INSTRUCTIONS TO FOLLOW →
The data below holds the lines to copy: everything from the line containing "Recall the fairly" to the line containing "还有平刘海的。穿着灰色的衣服", both ends included, set down exactly.
START EXTRACTED DATA
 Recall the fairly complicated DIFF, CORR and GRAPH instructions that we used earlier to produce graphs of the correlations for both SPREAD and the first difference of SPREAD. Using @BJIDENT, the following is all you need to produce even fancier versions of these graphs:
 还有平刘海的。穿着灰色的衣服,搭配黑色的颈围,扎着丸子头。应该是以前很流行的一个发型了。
END EXTRACTED DATA
START EXTRACTED DATA
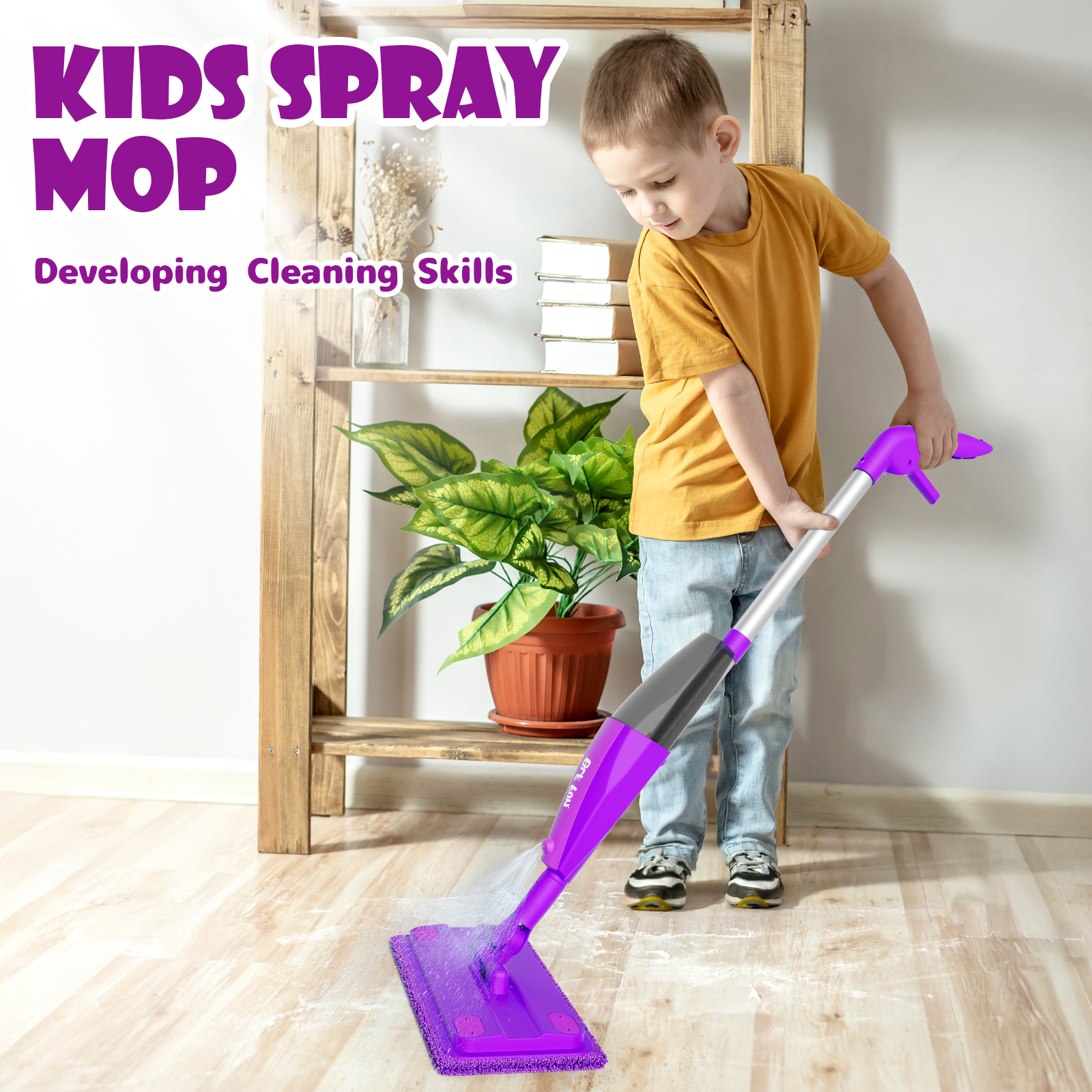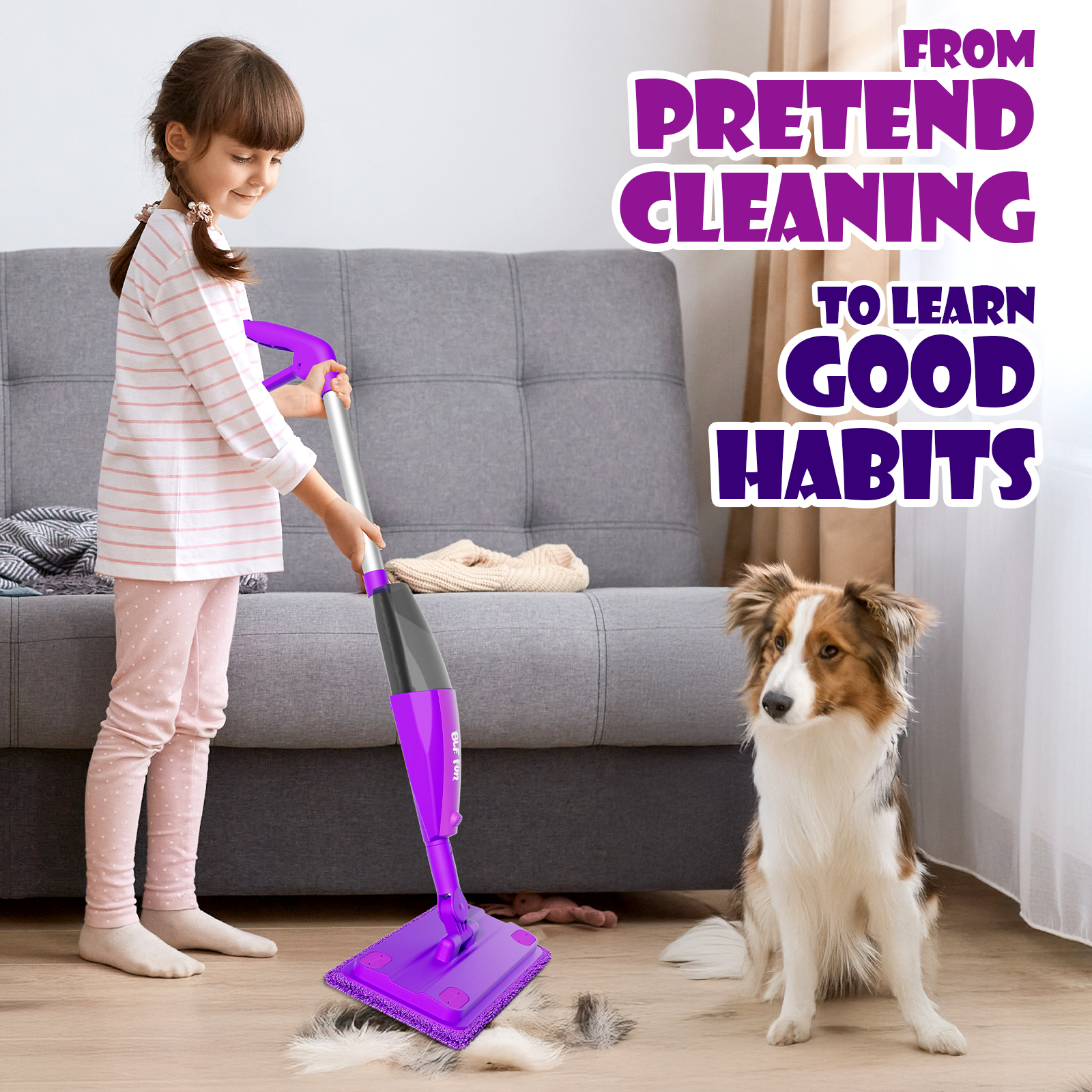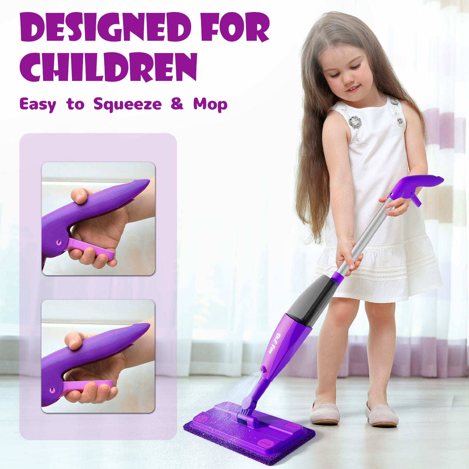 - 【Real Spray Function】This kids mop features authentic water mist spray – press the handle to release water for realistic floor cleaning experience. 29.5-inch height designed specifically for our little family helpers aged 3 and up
END EXTRACTED DATA
REPLY TO THE EXERCISE →
 Recall the fairly complicated DIFF, CORR and GRAPH instructions that we used earlier to produce graphs of the correlations for both SPREAD and the first difference of SPREAD. Using @BJIDENT, the following is all you need to produce even fancier versions of these graphs:
 还有平刘海的。穿着灰色的衣服,搭配黑色的颈围,扎着丸子头。应该是以前很流行的一个发型了。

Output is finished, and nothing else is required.